Posttranslational modifications (PTMs) are essential for regulating protein localization and stability, significantly affecting gene expression, biological functions, and genome replication. Among these, sumoylation a PTM that attaches a chemical group to protein sequences-plays a critical role in protein function. Identifying sumoylation sites is particularly important due to their links to Parkinson's and Alzheimer's. This study introduces XGBoost-Sumo, a robust model to predict sumoylation sites by integrating protein structure and sequence data. The model utilizes a transformer-based attention mechanism to encode peptides and extract evolutionary features through the PsePSSM-DWT approach. By fusing word embeddings with evolutionary descriptors, it applies the SHapley Additive exPlanations (SHAP) algorithm for optimal feature selection and uses eXtreme Gradient Boosting (XGBoost) for classification. XGBoost-Sumo achieved an impressive accuracy of 99.68% on benchmark datasets using 10-fold cross-validation and 96.08% on independent samples. This marks a significant improvement, outperforming existing models by 10.31% on training data and 2.74% on independent tests. The model's reliability and high performance make it a valuable resource for researchers, with strong potential for applications in pharmaceutical development.

Abstract Image

查看原文本刊更多论文

xgboost增强集合模型使用判别杂交特征来预测sumoylation位点。

翻译后修饰（PTMs）对于调节蛋白质的定位和稳定性至关重要，显著影响基因表达、生物学功能和基因组复制。其中，sumoylation（一种将化学基团连接到蛋白质序列上的PTM）在蛋白质功能中起着关键作用。由于与帕金森氏症和阿尔茨海默氏症的联系，确定sumo化位点尤为重要。本研究引入了XGBoost-Sumo，这是一个强大的模型，通过整合蛋白质结构和序列数据来预测sumo化位点。该模型利用基于转换器的注意机制对多肽进行编码，并通过PsePSSM-DWT方法提取进化特征。通过融合词嵌入和进化描述符，应用SHapley加性解释（SHAP）算法进行最优特征选择，并使用极限梯度增强（XGBoost）进行分类。XGBoost-Sumo在使用10倍交叉验证的基准数据集上实现了令人印象深刻的99.68%的准确率，在独立样本上实现了96.08%的准确率。这标志着显著的改进，在训练数据上优于现有模型10.31%，在独立测试上优于现有模型2.74%。该模型的可靠性和高性能使其成为研究人员的宝贵资源，在药物开发中具有很强的应用潜力。
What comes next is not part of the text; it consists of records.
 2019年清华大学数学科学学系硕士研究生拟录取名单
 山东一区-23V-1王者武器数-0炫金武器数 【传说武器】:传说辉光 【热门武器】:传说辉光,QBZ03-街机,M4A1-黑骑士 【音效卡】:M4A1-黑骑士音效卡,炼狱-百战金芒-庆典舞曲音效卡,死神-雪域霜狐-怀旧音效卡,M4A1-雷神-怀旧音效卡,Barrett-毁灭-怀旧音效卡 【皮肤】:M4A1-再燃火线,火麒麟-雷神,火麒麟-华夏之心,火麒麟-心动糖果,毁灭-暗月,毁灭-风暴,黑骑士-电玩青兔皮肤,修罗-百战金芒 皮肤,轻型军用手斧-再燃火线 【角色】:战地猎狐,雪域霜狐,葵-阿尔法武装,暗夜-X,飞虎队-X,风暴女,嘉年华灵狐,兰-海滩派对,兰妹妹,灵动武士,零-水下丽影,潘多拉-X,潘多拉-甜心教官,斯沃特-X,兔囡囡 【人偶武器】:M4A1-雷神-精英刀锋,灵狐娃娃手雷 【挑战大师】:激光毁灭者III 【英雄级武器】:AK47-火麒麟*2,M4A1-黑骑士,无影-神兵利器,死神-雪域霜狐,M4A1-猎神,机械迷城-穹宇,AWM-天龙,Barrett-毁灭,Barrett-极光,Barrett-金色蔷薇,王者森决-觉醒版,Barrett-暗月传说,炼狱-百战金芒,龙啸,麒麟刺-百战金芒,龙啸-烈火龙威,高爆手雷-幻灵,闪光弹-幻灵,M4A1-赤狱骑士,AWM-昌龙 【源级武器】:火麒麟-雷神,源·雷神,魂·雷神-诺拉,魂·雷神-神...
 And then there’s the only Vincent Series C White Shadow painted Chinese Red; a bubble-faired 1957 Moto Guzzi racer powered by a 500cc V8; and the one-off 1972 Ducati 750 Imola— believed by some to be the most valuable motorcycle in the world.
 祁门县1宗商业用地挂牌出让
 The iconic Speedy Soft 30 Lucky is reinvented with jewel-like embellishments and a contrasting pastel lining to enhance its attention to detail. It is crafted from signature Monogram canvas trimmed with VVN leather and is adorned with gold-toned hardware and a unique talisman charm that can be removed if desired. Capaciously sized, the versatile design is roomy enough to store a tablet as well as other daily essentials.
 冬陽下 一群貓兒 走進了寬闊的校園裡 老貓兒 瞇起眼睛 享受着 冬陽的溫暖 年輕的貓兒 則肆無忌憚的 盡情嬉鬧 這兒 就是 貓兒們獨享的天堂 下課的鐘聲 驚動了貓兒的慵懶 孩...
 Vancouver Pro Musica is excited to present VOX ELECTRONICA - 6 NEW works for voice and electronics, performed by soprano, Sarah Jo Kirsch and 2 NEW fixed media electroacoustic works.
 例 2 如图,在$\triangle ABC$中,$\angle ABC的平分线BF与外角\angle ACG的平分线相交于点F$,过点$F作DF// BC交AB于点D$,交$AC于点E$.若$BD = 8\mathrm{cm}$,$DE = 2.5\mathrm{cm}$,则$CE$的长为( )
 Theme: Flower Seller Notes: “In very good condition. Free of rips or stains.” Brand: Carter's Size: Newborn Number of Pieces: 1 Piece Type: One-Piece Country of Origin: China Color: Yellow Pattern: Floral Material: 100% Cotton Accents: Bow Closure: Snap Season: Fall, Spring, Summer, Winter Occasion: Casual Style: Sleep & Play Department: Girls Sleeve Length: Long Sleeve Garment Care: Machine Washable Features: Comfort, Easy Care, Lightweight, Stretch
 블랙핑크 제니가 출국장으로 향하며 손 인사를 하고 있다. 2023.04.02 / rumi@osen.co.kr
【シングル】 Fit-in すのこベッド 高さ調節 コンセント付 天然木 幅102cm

本文章由计算机程序翻译，如有差异，请以英文原文为准。

求助全文

约1分钟内获得全文求助全文

来源期刊

Biodata Mining MATHEMATICAL & COMPUTATIONAL BIOLOGY-

CiteScore

7.90

自引率

0.00%

发文量

审稿时长

23 weeks

期刊介绍： BioData Mining is an open access, open peer-reviewed journal encompassing research on all aspects of data mining applied to high-dimensional biological and biomedical data, focusing on computational aspects of knowledge discovery from large-scale genetic, transcriptomic, genomic, proteomic, and metabolomic data. Topical areas include, but are not limited to: -Development, evaluation, and application of novel data mining and machine learning algorithms. -Adaptation, evaluation, and application of traditional data mining and machine learning algorithms. -Open-source software for the application of data mining and machine learning algorithms. -Design, development and integration of databases, software and web services for the storage, management, retrieval, and analysis of data from large scale studies. -Pre-processing, post-processing, modeling, and interpretation of data mining and machine learning results for biological interpretation and knowledge discovery.